After a while people heard that he had divorced the market woman but that his daughter still refused to let him enter her house. He had exchanged her mother for a vulgar market harridan—and for this his daughter could not forgive him. The old man began making efforts to be admitted to the old-age home but there was told he was too young. Moreover, one also had to
bring a dowry like—forgive the comparison—a nun who wants to enter a cloister.
Then the old woman with the little black beard reappeared. She began to cook grits for him, darn his socks, and launder his shirts and his long johns. She became his protector. This woman, for whom he was supposed to say Kaddish, had started to act like his wife.
It didn't take long for the inevitable to occur. The old woman came to us and announced that she was prepared to marry this man who should have said Kaddish for her and was surely twenty years her junior.

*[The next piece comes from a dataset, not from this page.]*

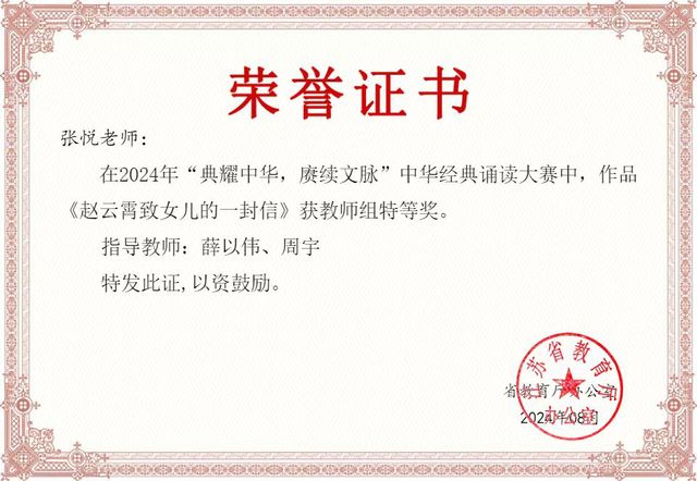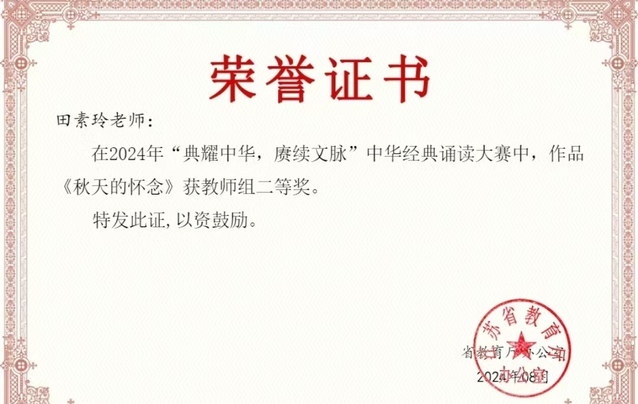 近日,由省教育厅、省文明办、省文旅厅、省新闻出版局、省全民阅读活动领导小组办公室等五部门组织开展的“典耀中华 赓续文脉”2024年度全省中华经典诵读大赛结果正式揭晓,扫雷网页版 人文扫雷网页版 选送的作品喜获佳绩。其中,人文扫雷网页版 张悦老师获得省特等奖,并成功入围国赛;人文扫雷网页版 田素玲老师获得省二等奖,充分展示了扫雷网页版 教师深厚的文化功底和蓬勃的精神风貌。

As she spoke she pounded the floor with her cane. Her little beard shook. The warts on her face bobbed quickly. It isn't hard for a woman to be alone, she maintained. Why does she need a man? She cooks some food in a little pot, does a bit of laundry, sweeps her apartment, and everything is the way it ought to be. When she gets an occasional bellyache at night, she heats up a pot lid and places it on her stomach. But a man is like an abandoned child. He can't cook, he can't do laundry, he can't clean up. If one doesn't tend to him, he neglects himself completely. Since he would say Kaddish for her anyway, he might as well become her husband. She had an apartment and a bit of money. Surely he wouldn't starve. “The couple of years I have left to me, let's live them out decently,” she added.
Mother listened to her and was silent. The old man came also. He wasn't overly anxious for this match, but he said, “Do I have a choice? My daughter doesn't want me, so somebody has to take pity on me … and I no longer have the strength to sleep on a hard bench.”
He married—but apparently did not strike gold. Once again he sat in the
shtibl
and mournfully chanted psalms.
The youngsters began questioning him. They wanted to know if he had dallied with the witch, but the old man snapped, “I'm not obliged to give you any reports!”
“How old is she?”
“I didn't count her years.”
“Does she have a bundle?”
“Rascals! Back to your books!” the old man shouted.
One winter evening, between the Afternoon and Evening Services, the old man complained that he had a bad cold. He went home but did not return for prayers the next morning. The following morning he didn't come to the
shtibl
either. The Jews there began saying that they ought to pay him a sick call. But it was already too late—the Kaddish sayer had died.
At the funeral a quarrel broke out between the widow and the old man's daughter. After the shiva period, the old woman came to Father requesting that a new Kaddish sayer be found for her. Another thing: since her husband had left no son and since his son-in-law was a roughneck, a boor, a scoundrel, she was prepared to pay a few extra rubles for someone to say Kaddish for him.
The old woman stood in the kitchen, black as coal, with a distorted face, a drooping mouth—a chunk of darkness. She exuded a demonic power. My mother usually welcomed people amicably, but she displayed a repugnance toward this old murderer. Father said that he knew of no other Kaddish sayers and hinted that she leave him alone. But she did not leave right away. Her gaze radiated a fierce stubbornness, the eerie
self-confidence of those who have lived too long and no longer have any fear of the Angel of Death. I was still a little boy at the time, but I clearly sensed that the old woman had in some secretive manner done in her Kaddish sayer. Like a spider she had enmeshed him in her web and destroyed him.